Sebelumnya, Ketua Mahkamah Mahfud MD melaporkan bekas anggota KPU Andi Nurpati Baharuddin ke kepolisian. Andi diduga memalsukan surat keputusan MK yang menyebabkan calon anggota DPR dari Partai Hati Nurani Rakyat, Dewi Yasin Limpo, terpilih. Setelah surat itu dikoreksi, Dewi batal melenggang ke Senayan. Belakangan, MK menyatakan ada enam belas surat yang dipalsukan.
Putu menilai, sumber masalah surat palsu lebih banyak di MK dibanding di KPU. Salah satu penyebabnya, banyak keputusan MK tak jelas, bahkan cacat administratif atau cacat hukum. Sehingga, KPU harus meminta penjelasan MK. "Peluang pemalsuan muncul saat kami meminta penjelasan," ujar Putu.
Putu mencontohkan, MK pernah mengeluarkan surat No. 113/PAN.MK/VIII/2009 tertanggal 17 Agustus 2009 yang mengakui kesalahan pengetikan dalam amar putusan. Nama Hasan bin Abdullah tertulis Husin bin Abdullah. "Kami tak bisa mengeksekusi putusan Mahkamah kalau ada cacat seperti itu," kata Putu.
Contoh lain, pernah terjadi keanehan, keputusan MK yang dikirim ke KPU berbeda dengan amar putusan yang dimasukkan dalam situs resmi MK. Putu menduga, ada banyak surat MK dipalsukan. Indikatornya, MK mengadili lebih dari 700 kasus perselihan hasil pemilihan. Banyaknya kasus yang harus diselesaikan dalam waktu cepat, kata Putu, sangat membuka celah kesalahan dan penipuan.

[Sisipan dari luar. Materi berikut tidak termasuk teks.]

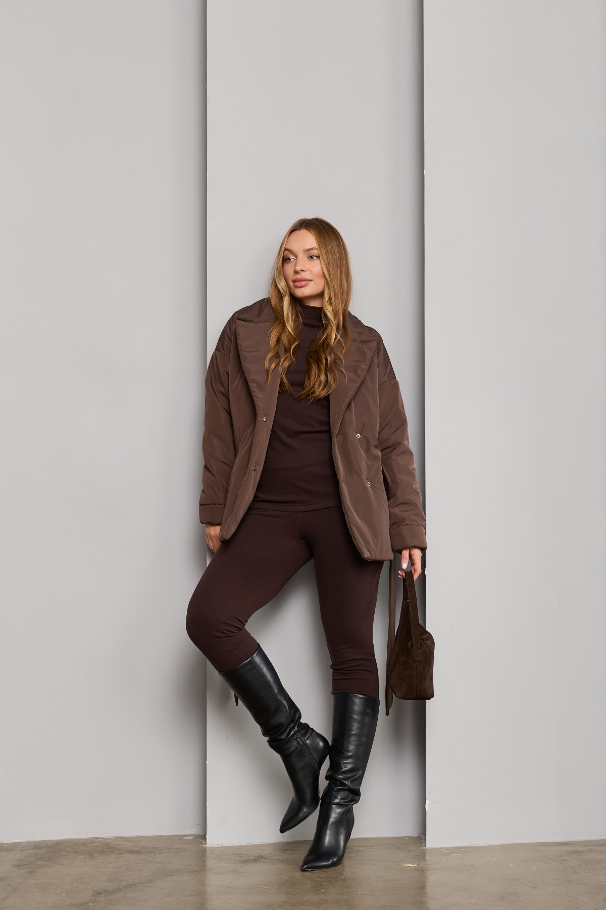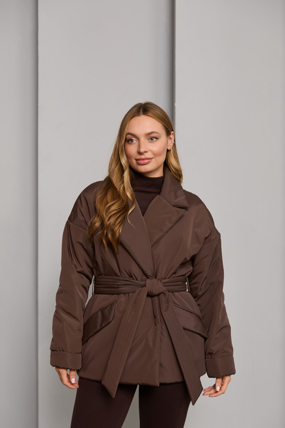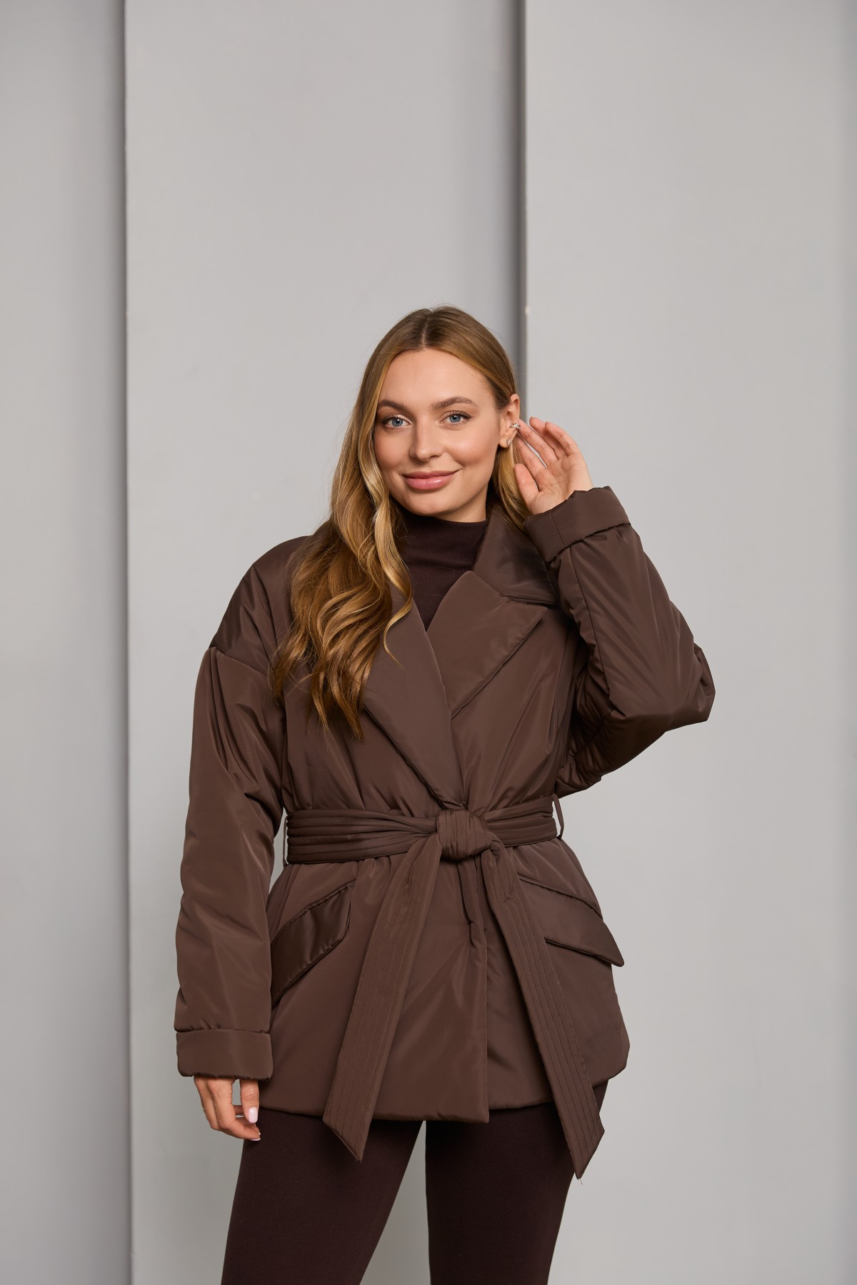 Стильна утеплена куртка вільного крою "oversaze" зі спущеною лінією рукава виготовлена з якісної плащової тканини, довжиною до лінії стегон.Довжина пальта вище коліна. Двобортна застібка на магнітні пришивні кнопки.Англійський комір з лацканами та відкладним коміром. У цій моделі спущене плече, рукави одношовні. Низ рукавів можна відвертати регулюючи тим самим довжину рукава. По переду виробу розташовані похилі прорізні кишені в рамку з клапаном. Пояс знімний з основної тканини. Дана куртка підійде для прогулянок, роботи, відвідування різноманітних заходів. Універсальна річ для стильних міських образів модного сезону.

Menurut Putu, lembaganya telah melakukan penyelidikan internal terhadap pemalsuan surat MK. Hasilnya, tak ditemukan kesalahan pada anggota KPU atau staf Sekretariat Jenderal KPU. "Kami mau nyaman bekerja. Karena itu, MK harus buka surat palsu itu," kata Putu.